* Data extract *
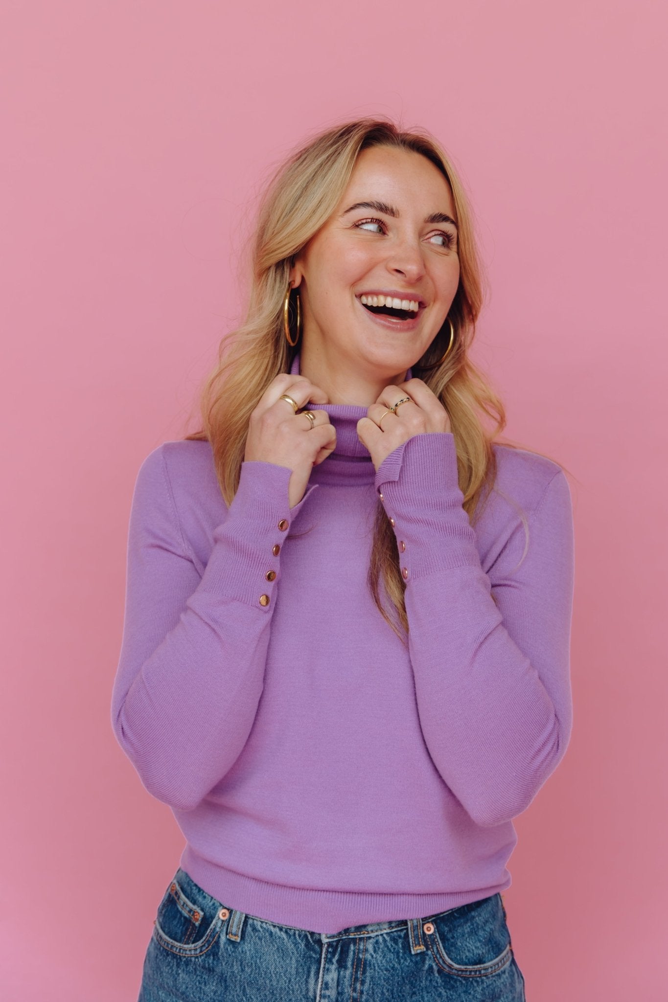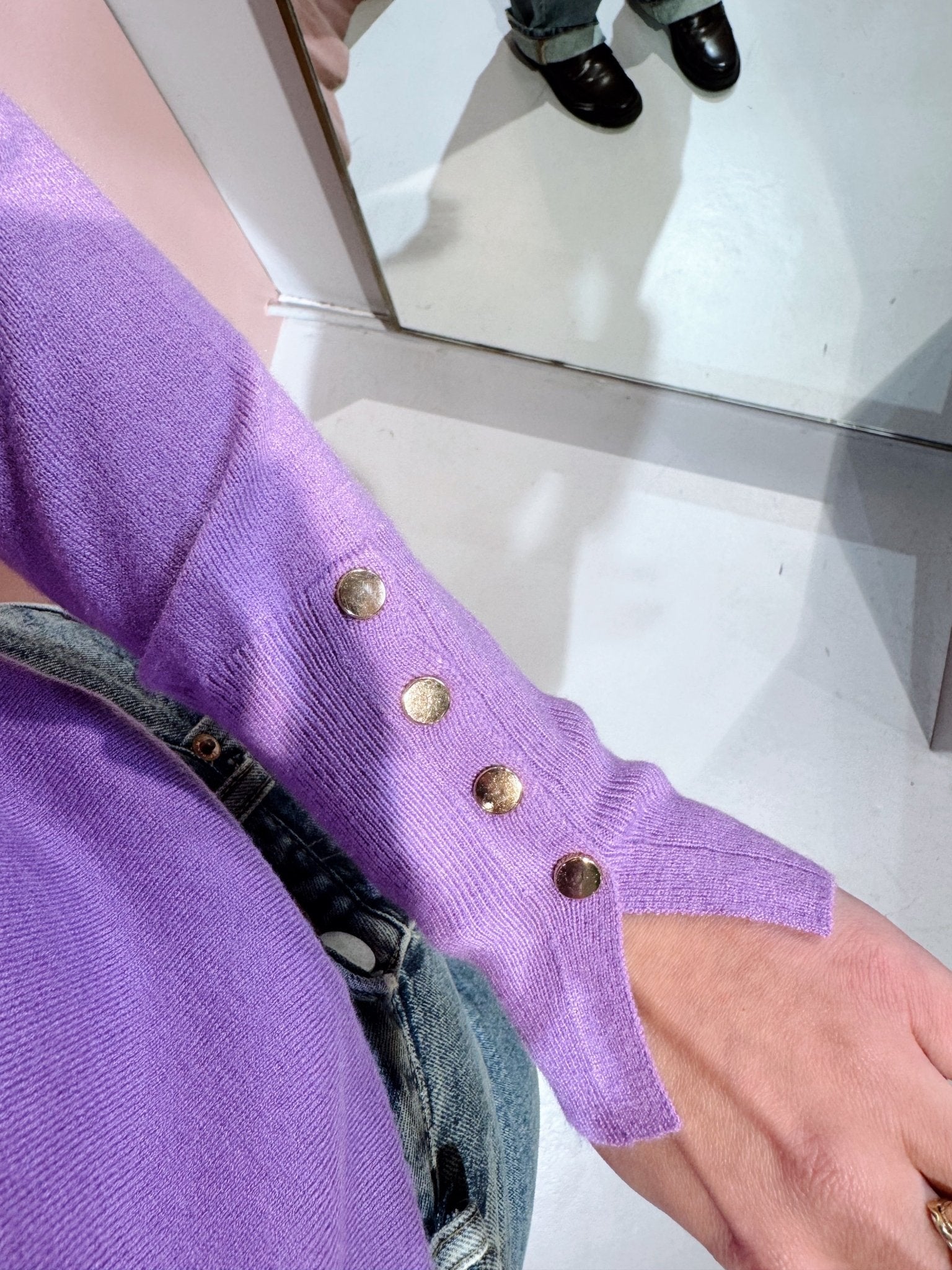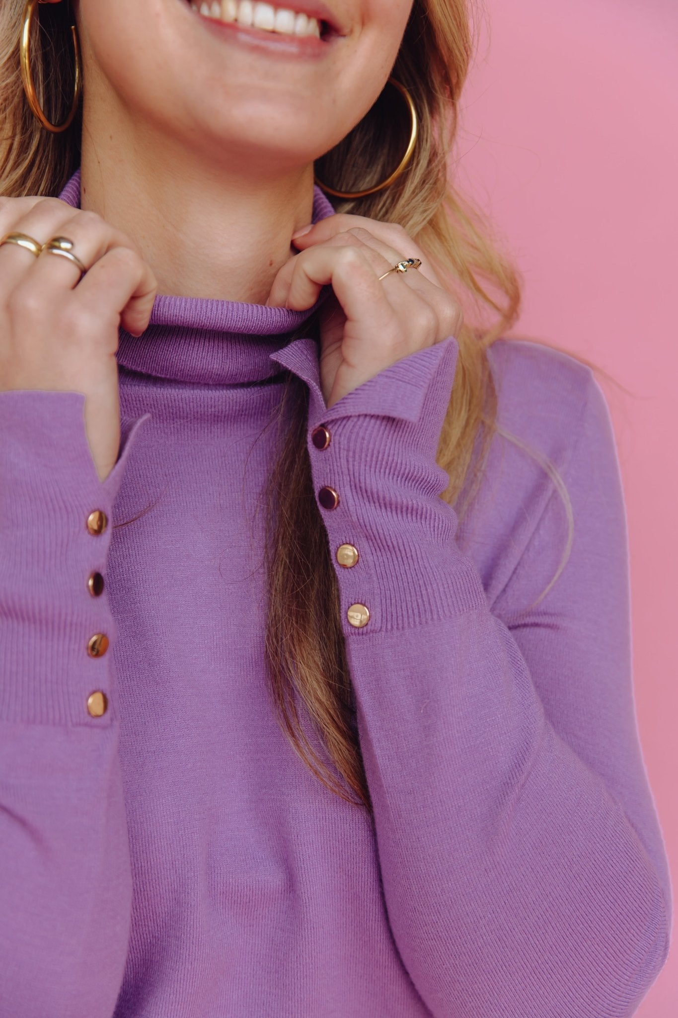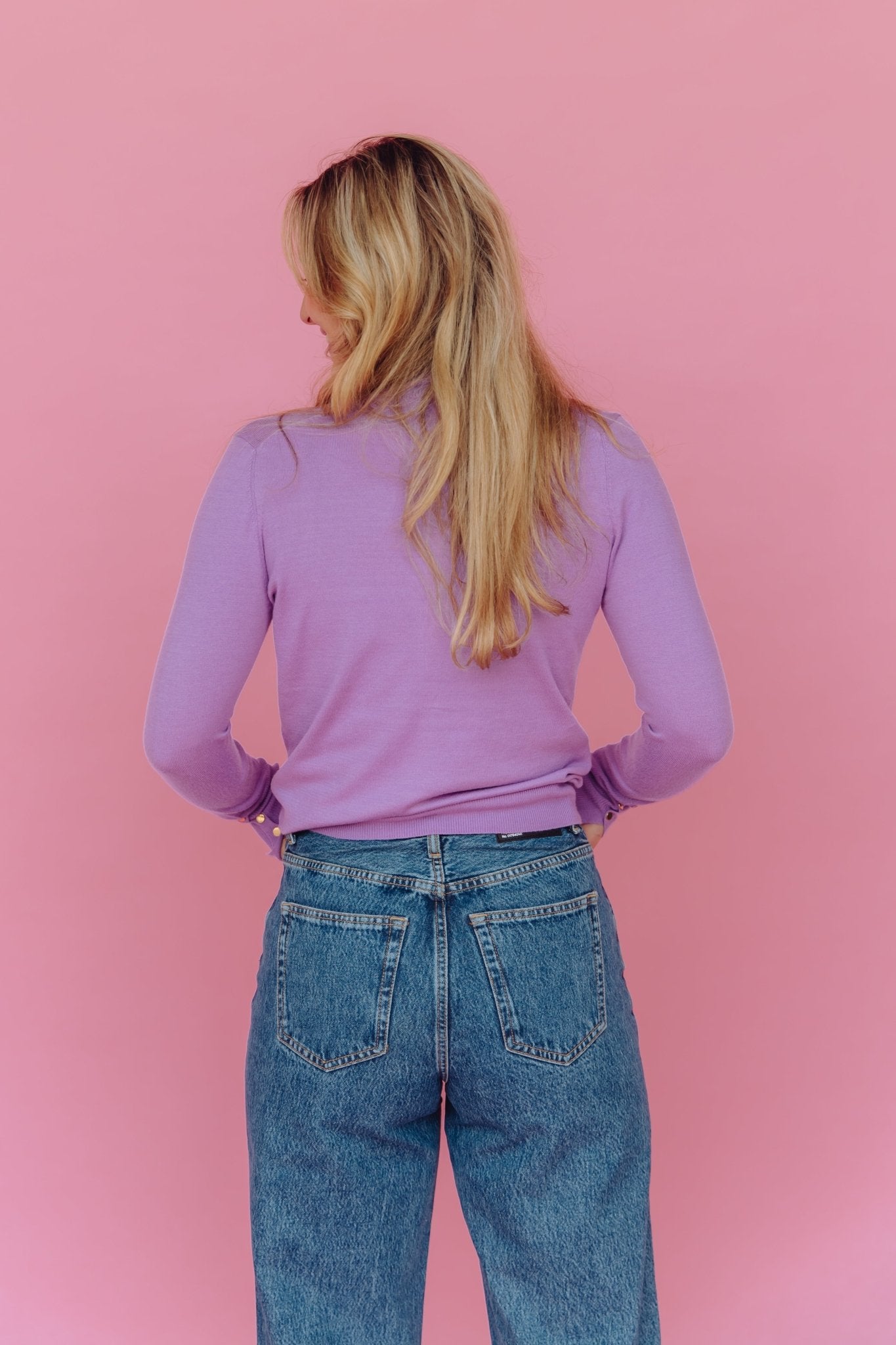 De Lune Col in paars heeft een aangesloten fit en is gemaakt van een zachte viscosemix. De gouden knopen aan de mouwen geven het ontwerp een subtiele, stijlvolle touch. De trui valt mooi aangesloten en draagt comfortabel, ideaal voor zowel een casual als nette look.
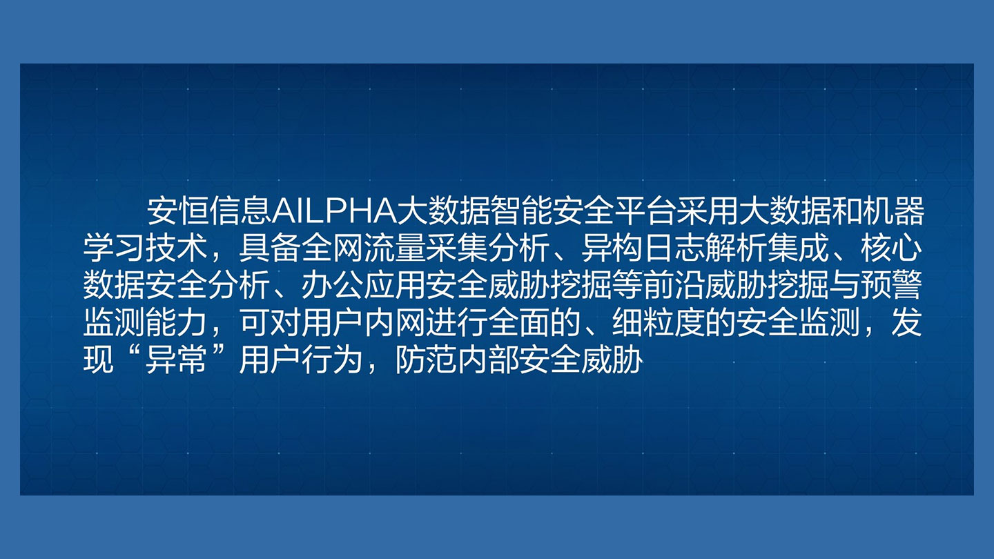 提供基于访问特征学习的异常行为检测、基于统计特征的异常行为检测,快速发现核心业务系统、数据库出现非法访问和链接
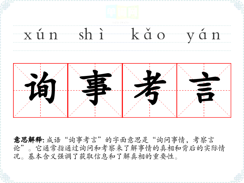 成语“询事考言”的字面意思是“询问事情,考察言论”。它通常指通过询问和考察来了解事情的真相和背后的实际情况。基本含义强调了获取信息和了解真相的重要性。

* Work item *
Every line above is to be returned exactly, with its pictures removed.

* Solution to this task *
 De Lune Col in paars heeft een aangesloten fit en is gemaakt van een zachte viscosemix. De gouden knopen aan de mouwen geven het ontwerp een subtiele, stijlvolle touch. De trui valt mooi aangesloten en draagt comfortabel, ideaal voor zowel een casual als nette look.
 提供基于访问特征学习的异常行为检测、基于统计特征的异常行为检测,快速发现核心业务系统、数据库出现非法访问和链接
 成语“询事考言”的字面意思是“询问事情,考察言论”。它通常指通过询问和考察来了解事情的真相和背后的实际情况。基本含义强调了获取信息和了解真相的重要性。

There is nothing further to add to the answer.